▸ **How to complete this task**
With the pictures left out, print exactly the lines below that run from the one containing "Торцевая часть дома" through the one containing "A solid chiffon".

▸ **Records to use**

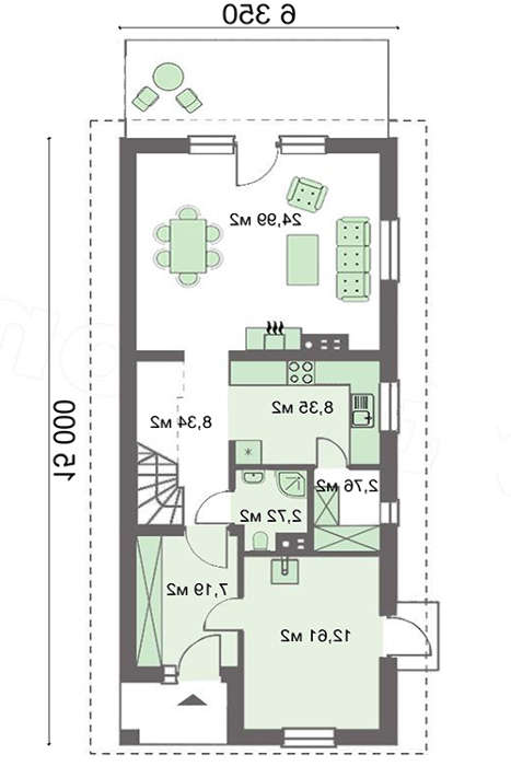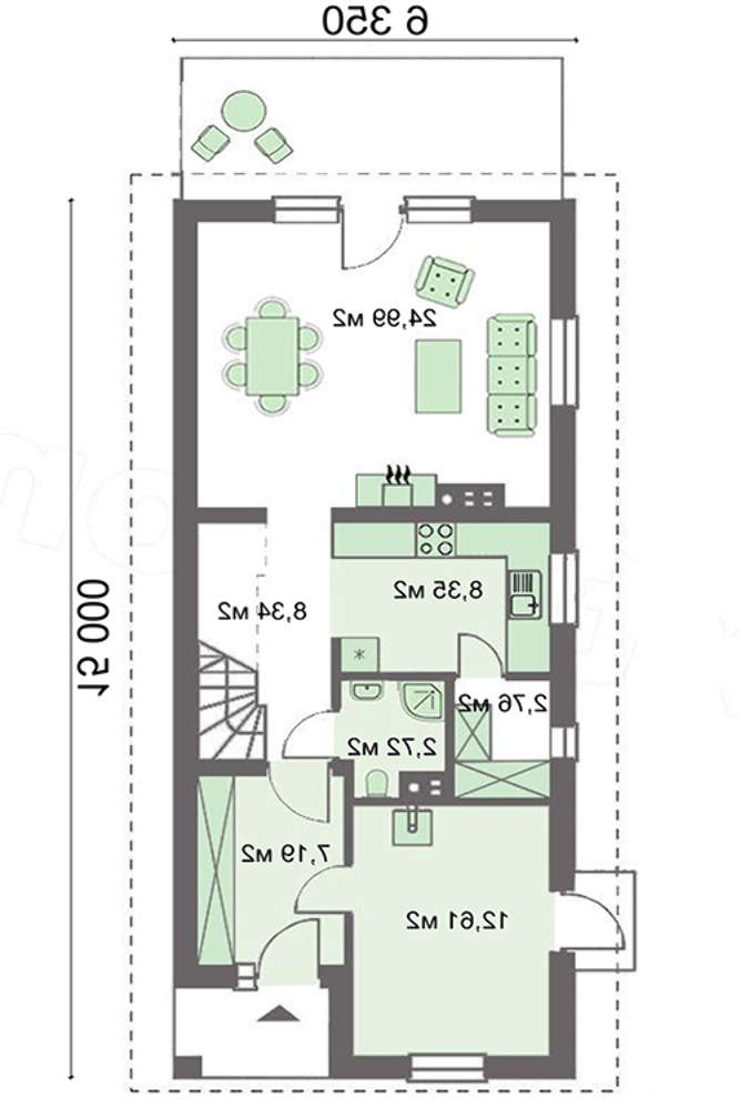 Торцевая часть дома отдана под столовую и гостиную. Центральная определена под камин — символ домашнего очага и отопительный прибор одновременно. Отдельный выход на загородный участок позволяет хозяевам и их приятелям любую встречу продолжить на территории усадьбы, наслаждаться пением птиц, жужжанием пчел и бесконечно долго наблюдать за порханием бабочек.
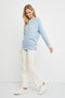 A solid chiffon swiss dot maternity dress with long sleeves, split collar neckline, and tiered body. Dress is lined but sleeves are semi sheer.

--

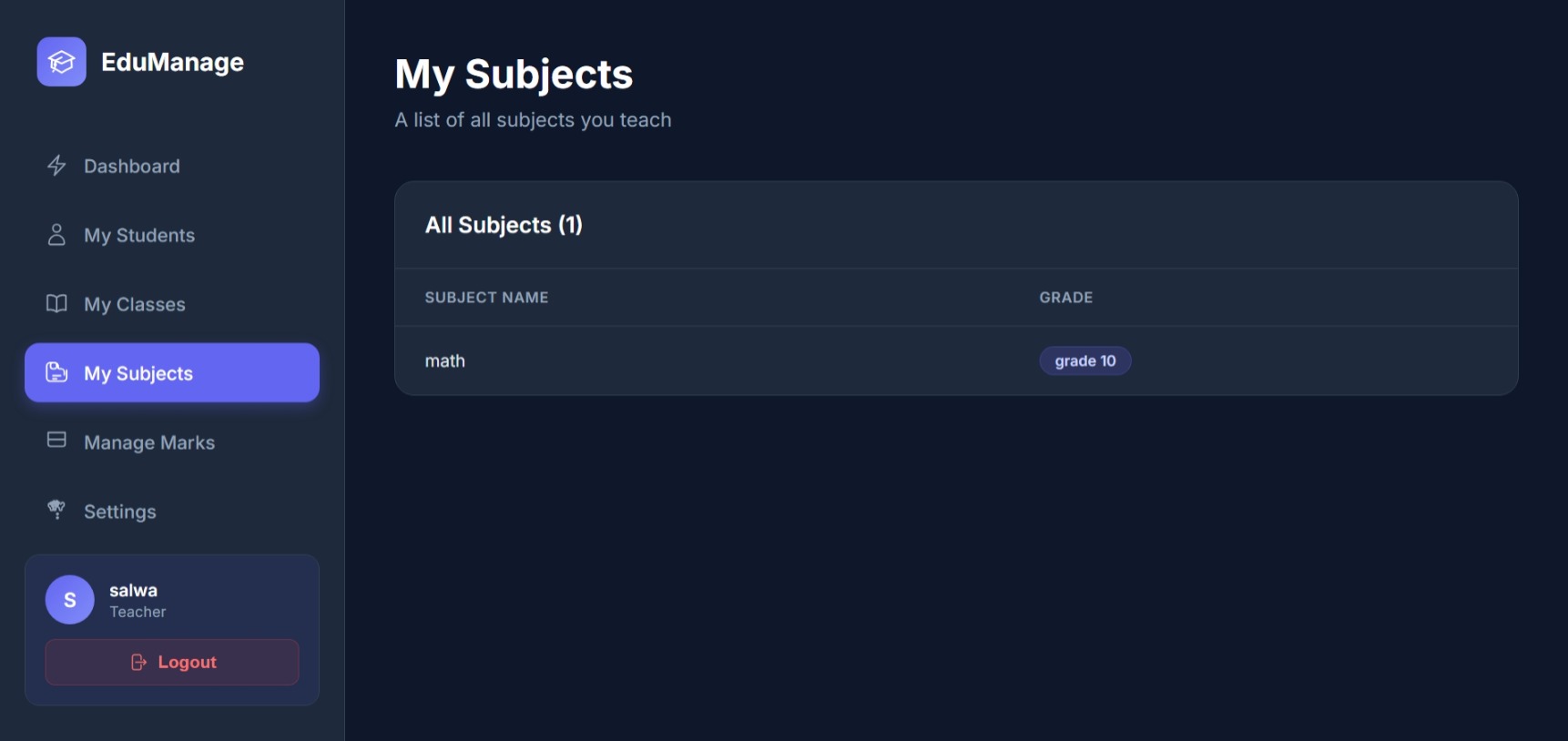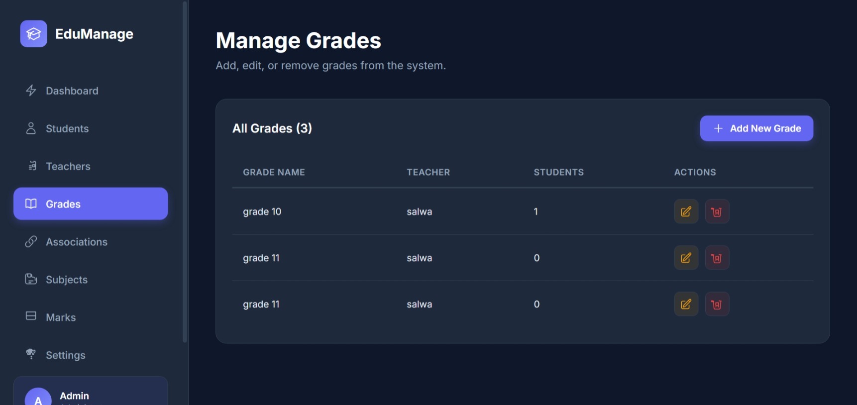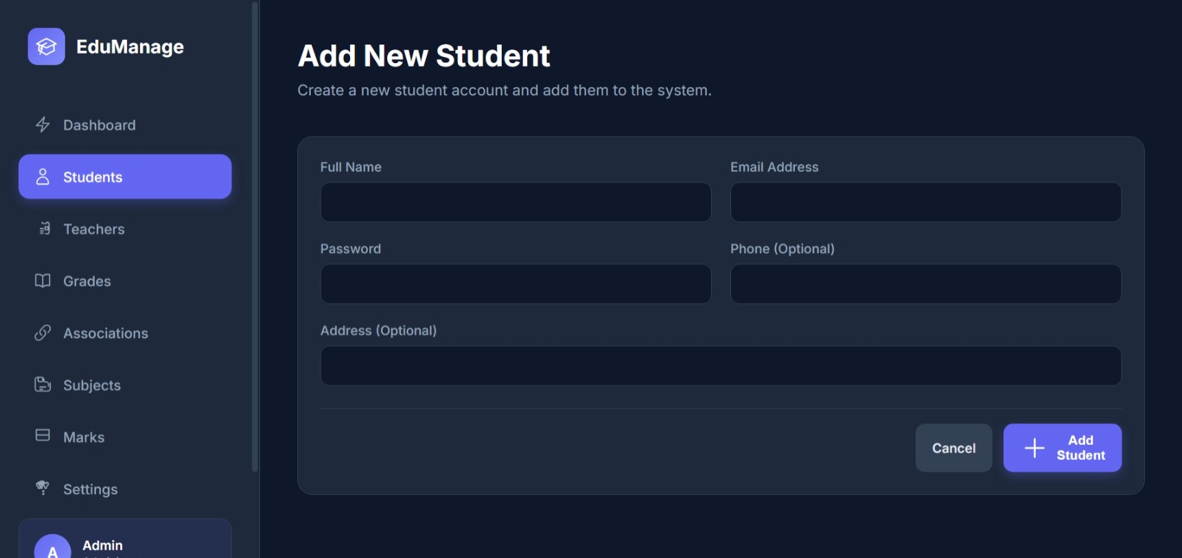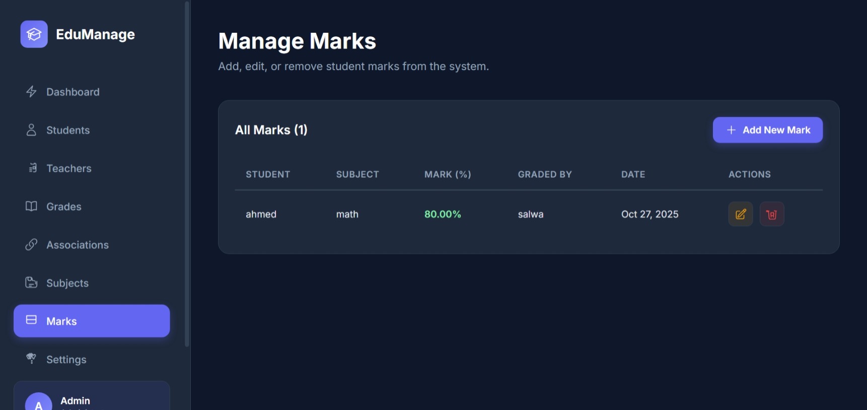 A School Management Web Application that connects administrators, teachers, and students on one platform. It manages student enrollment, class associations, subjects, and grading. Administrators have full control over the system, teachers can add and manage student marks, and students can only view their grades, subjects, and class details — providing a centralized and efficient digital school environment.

▸ **Result of this exercise**
 Торцевая часть дома отдана под столовую и гостиную. Центральная определена под камин — символ домашнего очага и отопительный прибор одновременно. Отдельный выход на загородный участок позволяет хозяевам и их приятелям любую встречу продолжить на территории усадьбы, наслаждаться пением птиц, жужжанием пчел и бесконечно долго наблюдать за порханием бабочек.
 A solid chiffon swiss dot maternity dress with long sleeves, split collar neckline, and tiered body. Dress is lined but sleeves are semi sheer.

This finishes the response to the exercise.